[Start of section]

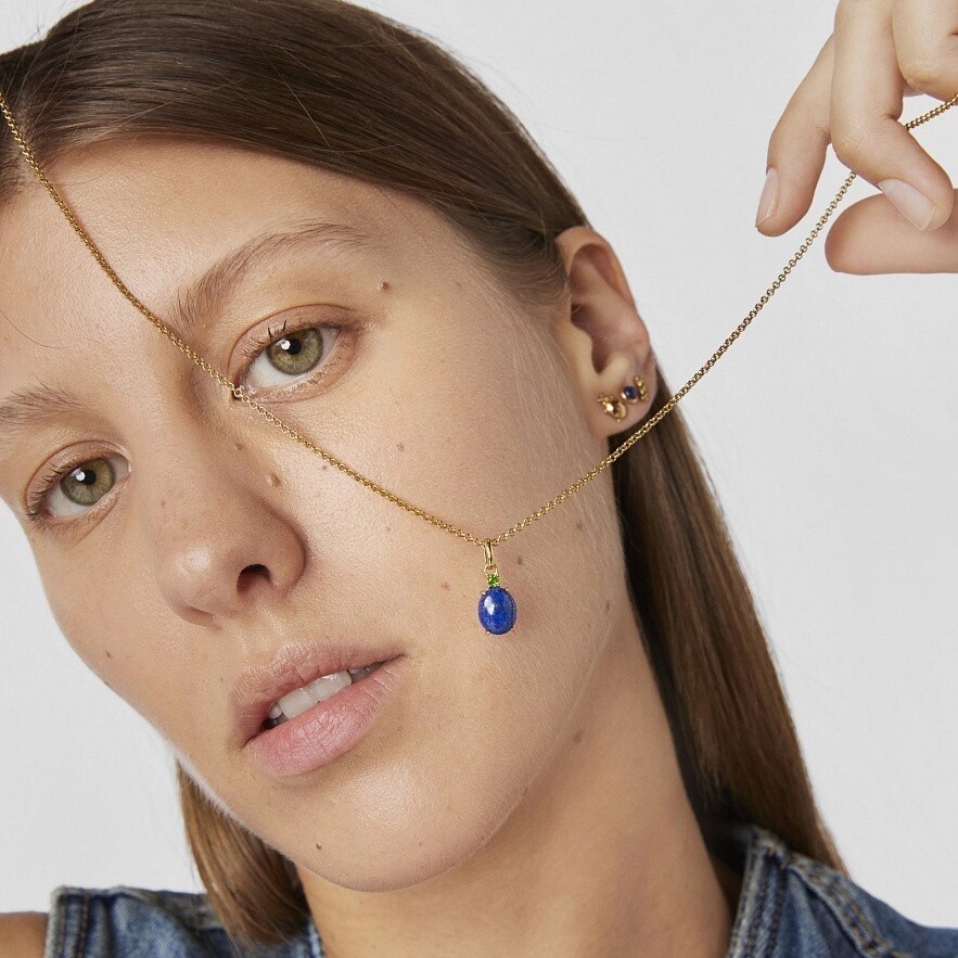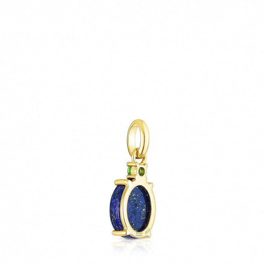 Подвеска TOUS Virtual Garden из серебра 925 пробы с покрытием Vermeil с драгоценным камнем лазурита размером 10 мм и установленным 2,3-миллиметровым хромовым диопсидом вверху, имитирующим форму насекомого. Размер: 11 мм. Цепочка в комплект не входит. Vermeil : серебро с покрытием золота 18 карат.
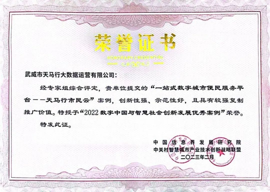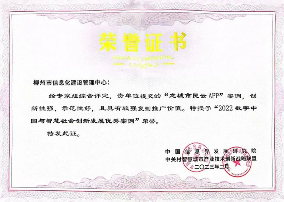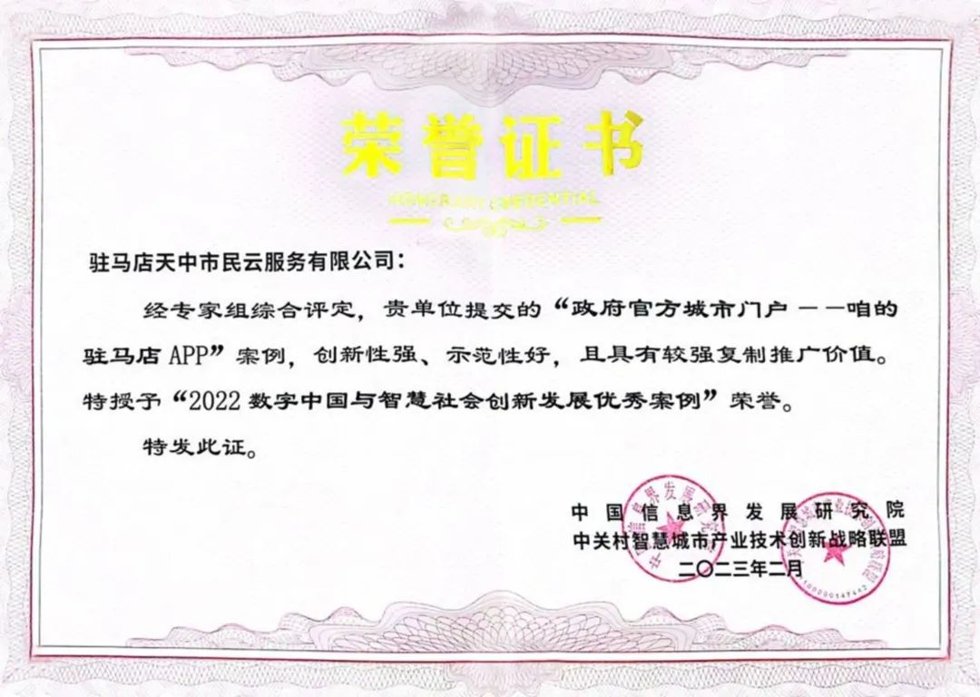 除现场颁发的两个奖项外,由万达信息市民云打造的“龙城市民云”“咱的驻马店”和“天马行市民云”平台凭借在当地城市数字化转型中的突出表现和良好的示范效应,在本次评选中荣获“2022数字中国与智慧社会创新发展优秀案例”奖项。
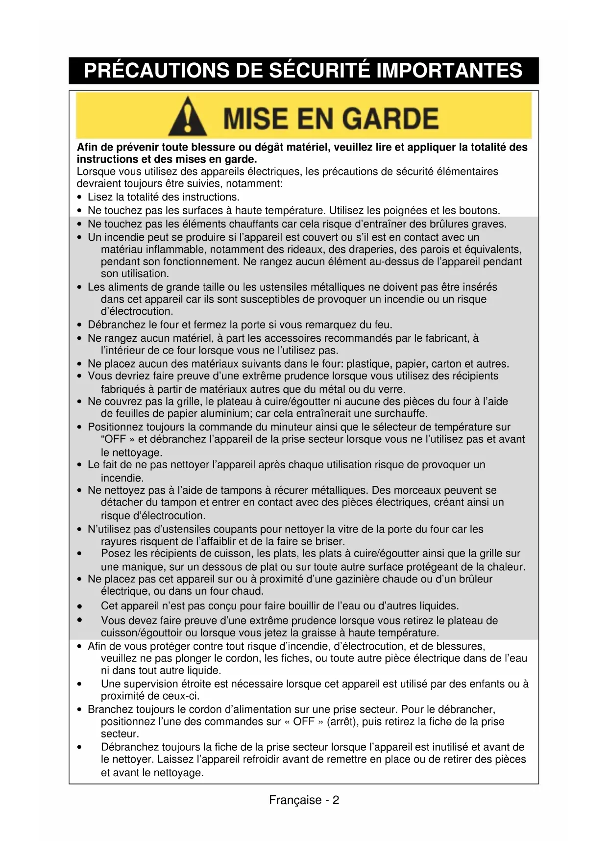 Une fois le temps écoulé, une sonnerie retentit et le four s’éteint alors automatiquement. Le chauffage peut également être désactivé manuellement en positionnant la commande de fonction sur « OFF » (arrêt). En utilisant des maniques ou des gants de cuisine, ouvrez la porte et sortez le récipient contenant les aliments. Si vous le souhaitez, pour un accès plus facile, utilisez l’ustensile d’extraction de la grille pour faire glisser la grille hors du four. Débranchez le four de la prise secteur. Laissez le four refroidir complètement avant de le nettoyer. ATTENTION: Faites preuve d’une extrême prudence lorsque vous ouvrez la porte. Maintenez les mains et le visage à l’écart car de l’air très chaud ou de la vapeur peuvent s’échapper au moment de l’ouverture de la porte. Ne placez rien sur la porte vitrée, car cela risque de la détériorer. REMARQUE: Suivez les instructions fournies sur l’emballage ou les instructions de la recette pour les temps de cuisson et les températures lorsque vous cuisez des pizzas, des amuse- bouches, des cookies, des gâteaux, etc. votre four à poser sur un plan de travail étant plus petit qu’un four traditionnel, il peut atteindre des températures élevées plus rapidement et cuire dans un laps de temps moins long. Assurez-vous de bien surveiller les aliments afin de ne pas les brûler. De plus, si vous préparez plusieurs cuissons à la suite, il est possible que vous deviez réduire les temps de cuisson pour les fournées suivantes après la première cuisson. Pour un nettoyage facile, positionnez le plateau à cuire/égoutter dans le guide de support de la grille inférieure afin de recueillir tout écoulement.Française - 5 Fonction Four/Four à Convection: (éléments de chauffage supérieur & inférieur) ATTENTION: N’utilisez pas de sachets à rôtir, de récipients en plastique ou en verre dans le four car cela risque d’entraîner des détériorations.
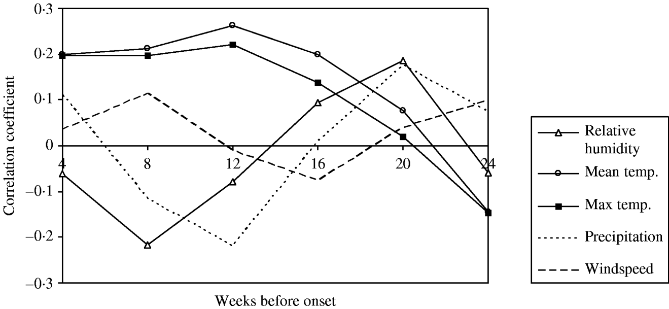 Our results are consistent with previous work in the field. Hicks et al. found a relationship between rainfall and case numbers [Reference Hicks11]; RH was not investigated. We found some small indications of a similar relationship, however, given that there are strong associations between meteorological factors and RH is influenced by precipitation, it is possible that the relationship established in Hicks' paper described a surrogate factor for RH. This study followed a similar design to Fisman et al. and the results were similarly complex. Fisman's multivariate analysis of month of onset found significant influences of temperature and RH [Reference Fisman10], as did the present study. He also looked at the dose–response relationship of meteorological factors during cases' incubation periods and discovered strong effects of both precipitation and RH; his paper does not discuss whether there was any confounding between these. There was no influence of temperature during the incubation period, which is consistent with our findings.
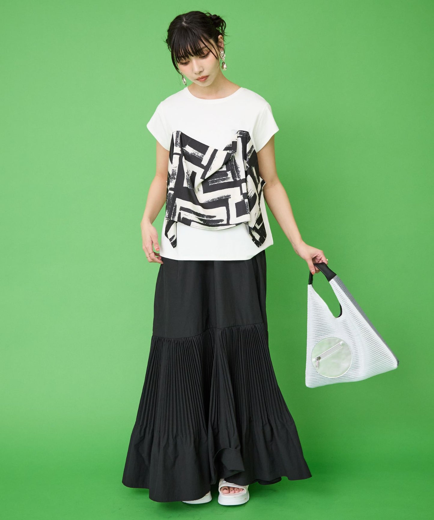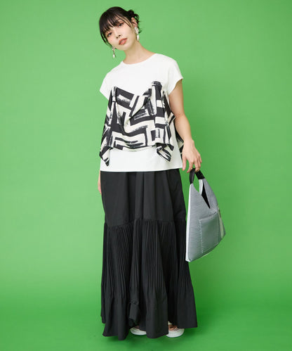 ワンティアードがデザインポイントになることで目線が散り、お腹周りや腰周りのカバーもアシスト。
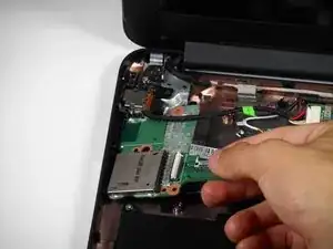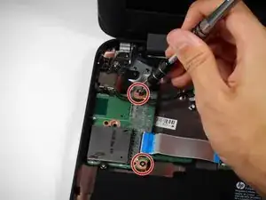 Удалите два винта Phillips #00 длиной 6 мм, которыми модуль прикручен к ноутбуку.
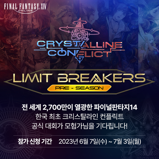 ‘크리스탈라인 컨플릭트 리미트 브레이커스 프리시즌’은 지난 V6.1 ‘새로운 모험’에 도입되어 새롭게 선보인 5 대 5 PvP 콘텐츠 ‘크리스탈라인 컨플릭트’의 한국 첫 공식 대회다. 해당 대회 명칭인 ‘리미트 브레이커스’는 직업별 강렬한 기술 ‘리미트 브레이크’를 활용해, 한계를 초월한 도전을 통해 승리를 쟁취하는 한국 모험가들의 경쟁의 의미를 담고 있다.
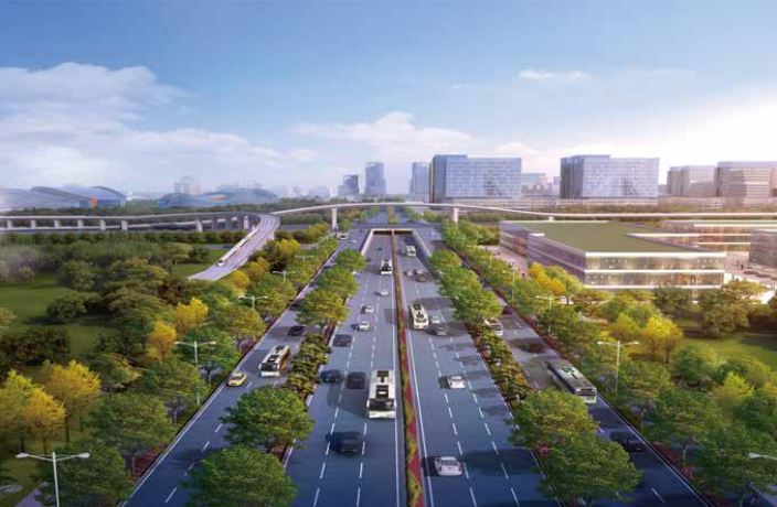 項目是黃河北岸復合交通走廊,是起步區內部重要的快速通道,作為起步區的景觀軸、交通軸、經濟軸、功能軸,串聯 3 大組團 5 處重點片區;同時也是銜接多條跨黃通道,溝通起步區與主城區,加強南北聯系的重要走廊。黃河大道考慮交通功能優先、兼顧綠色出行、生態景觀等多重需求。
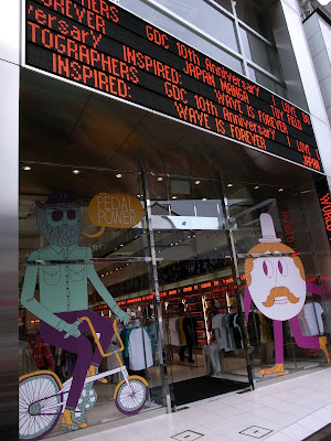 先在同潤館3F灑了錢買一件阿智T,以及一個阿智小水杯(就說今天是阿智日...),稍微走了一下表參道hills,好吧,今天不但是阿智日,也是安藤大叔日。從青山不知不覺就走到表參道,又從表參道不知不覺走到原宿,櫥窗街景風格不斷變化,但灰撲撲的天氣倒是挺從一而終。
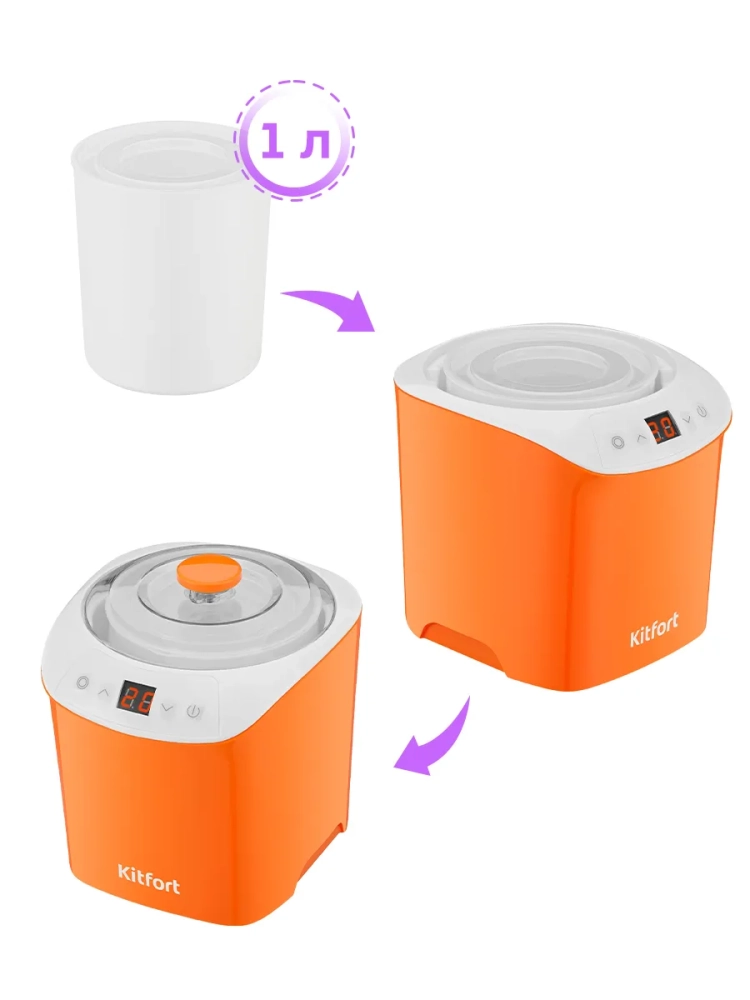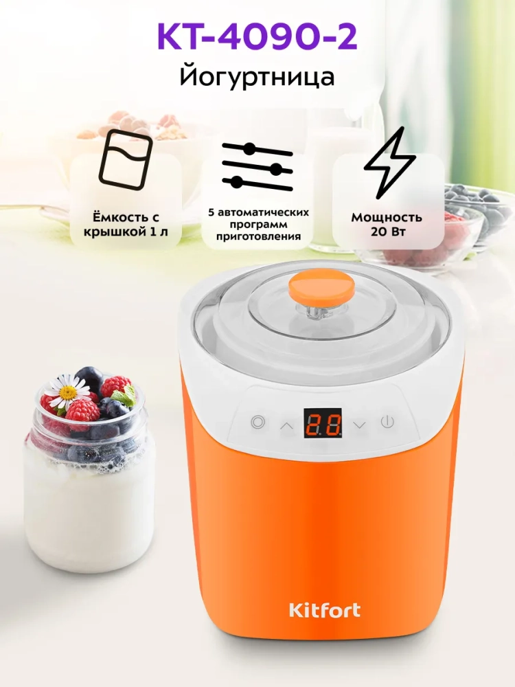 Йогуртница Kitfort КТ-4090 предназначена для приготовления вкусного и полезного домашнего йогурта. Прибор укомплектован пластиковой банкой на 1 литр с крышкой, в котором готовый йогурт можно хранить в холодильнике. Йогуртница равномерно нагревает банку с ингредиентами, поддерживая заданную температуру.
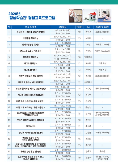 이번에 평생학습관에서 2020년 하반기에 운영하는 교육프로그램은 무료로 진행되지만, 재료비·교재비는 수강생이 부담을 해야 한다.
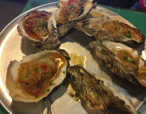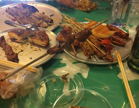 想吃烧烤,家周边的店子吃多了,不想再吃,朋友推荐了冬瓜山烧烤夜市。开始不熟悉路,走了很多冤枉路才找到地方,离了100多米就闻到了烧烤的味道。按推荐到了这家店,店面不大,进去点了羊肉串,牛肉串,生蚝,茄子,无骨鸭掌,馒头片,鸡翅,海鲜饭,泰山烤火烧等等,味道不错,偏辣一点,蜂蜜鸡翅适合小孩子吃,其他就是我们喜欢的了。就是也没有土豆片,金针菇。海鲜饭虽然海鲜不多,味道倒是不错,虾子好吃。
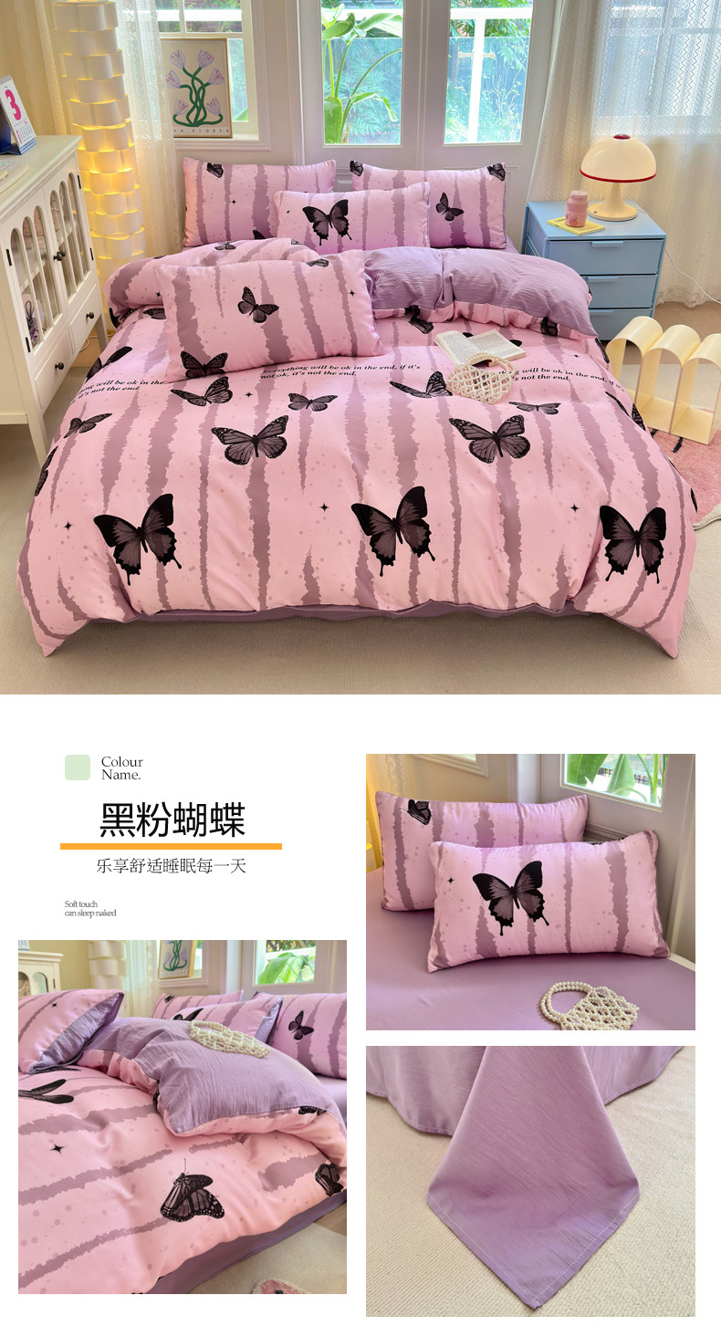 (总)花伞 2024新款印花招财蝴蝶亲肤水洗棉四件套,黑粉蝴蝶,绿蝴蝶,碎花蓝蝴蝶,碎花紫蝴蝶,炫彩蝴蝶,晕染彩蝴蝶
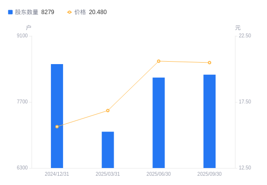 近一年(2024年9月30日至2025年9月30日),东南电子A股股东户数从8184户,增加至8279户,增幅1.16%,区间股价上涨47.56%。

[End of section]

→ **WHAT TO WORK ON**
Transcribe exactly the lines from the one holding "想吃烧烤,家周边的店子吃多了" through the final line of the material above, both ends included; any pictures should be dropped.

→ **EXERCISE RESULT**
 想吃烧烤,家周边的店子吃多了,不想再吃,朋友推荐了冬瓜山烧烤夜市。开始不熟悉路,走了很多冤枉路才找到地方,离了100多米就闻到了烧烤的味道。按推荐到了这家店,店面不大,进去点了羊肉串,牛肉串,生蚝,茄子,无骨鸭掌,馒头片,鸡翅,海鲜饭,泰山烤火烧等等,味道不错,偏辣一点,蜂蜜鸡翅适合小孩子吃,其他就是我们喜欢的了。就是也没有土豆片,金针菇。海鲜饭虽然海鲜不多,味道倒是不错,虾子好吃。
 (总)花伞 2024新款印花招财蝴蝶亲肤水洗棉四件套,黑粉蝴蝶,绿蝴蝶,碎花蓝蝴蝶,碎花紫蝴蝶,炫彩蝴蝶,晕染彩蝴蝶
 近一年(2024年9月30日至2025年9月30日),东南电子A股股东户数从8184户,增加至8279户,增幅1.16%,区间股价上涨47.56%。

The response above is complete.